* [Problem details]:
Everything from the opening line of the records below through the line with "Romanian Commercial Bank, Ploieşti" must be duplicated exactly, pictures left out.

* [Data records]:
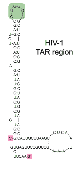 The TAR region of the HIV-1 virus. This was originally based on some information in a textbook.
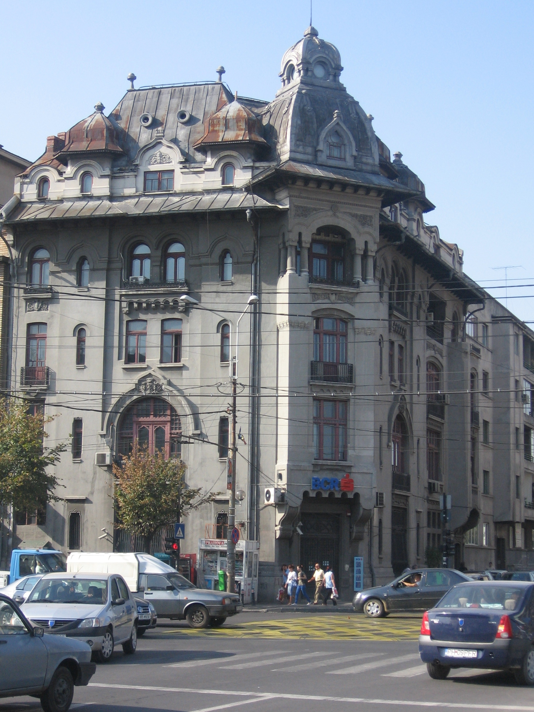 Romanian Commercial Bank, Ploieşti
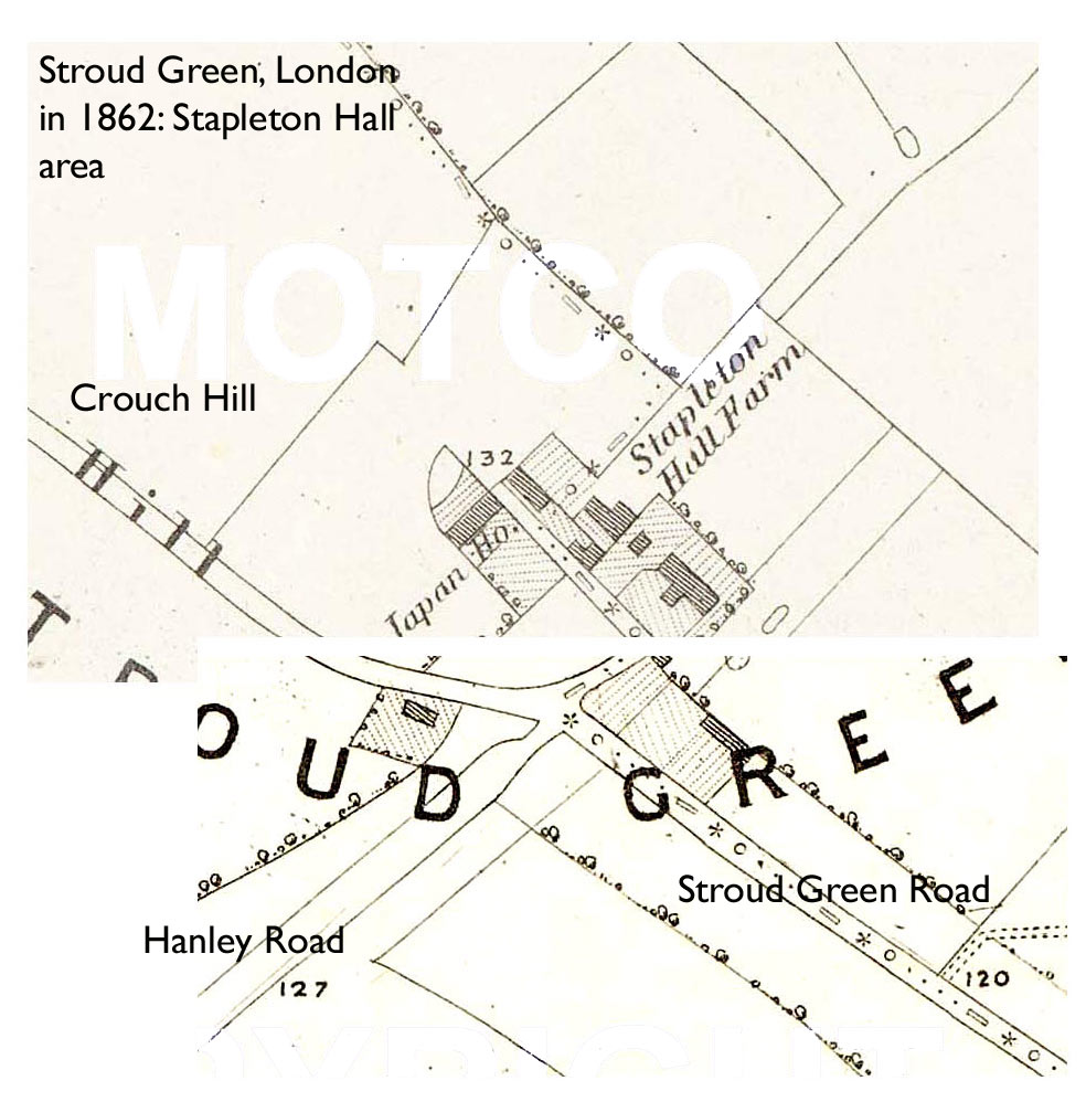 For more information about Stapleton Hall see the Wikipedia pages about Stroud Green This map is taken from Edward Stanford's 24 plate 6 inch to the mile Library Map of London & Its Suburbs, which was first published in 1862. N.B. The present-day street names are given in Gill Sans type.
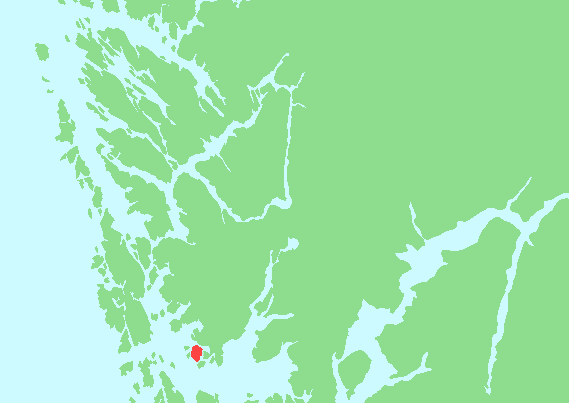 Locator map of Strøno, Hordaland, Norway
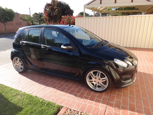 It was a bargain!! A 2006 Smart ForFour Brabus with 52,200km on the clock, 5 speed manual, 1.5L 4 cylinder Turbo petrol engine with 130kW's going through the front wheels. It handles like a go kart, just sticks to the road like glue and surprises everyone when I take off from the lights!!

* [Result of the task]:
 The TAR region of the HIV-1 virus. This was originally based on some information in a textbook.
 Romanian Commercial Bank, Ploieşti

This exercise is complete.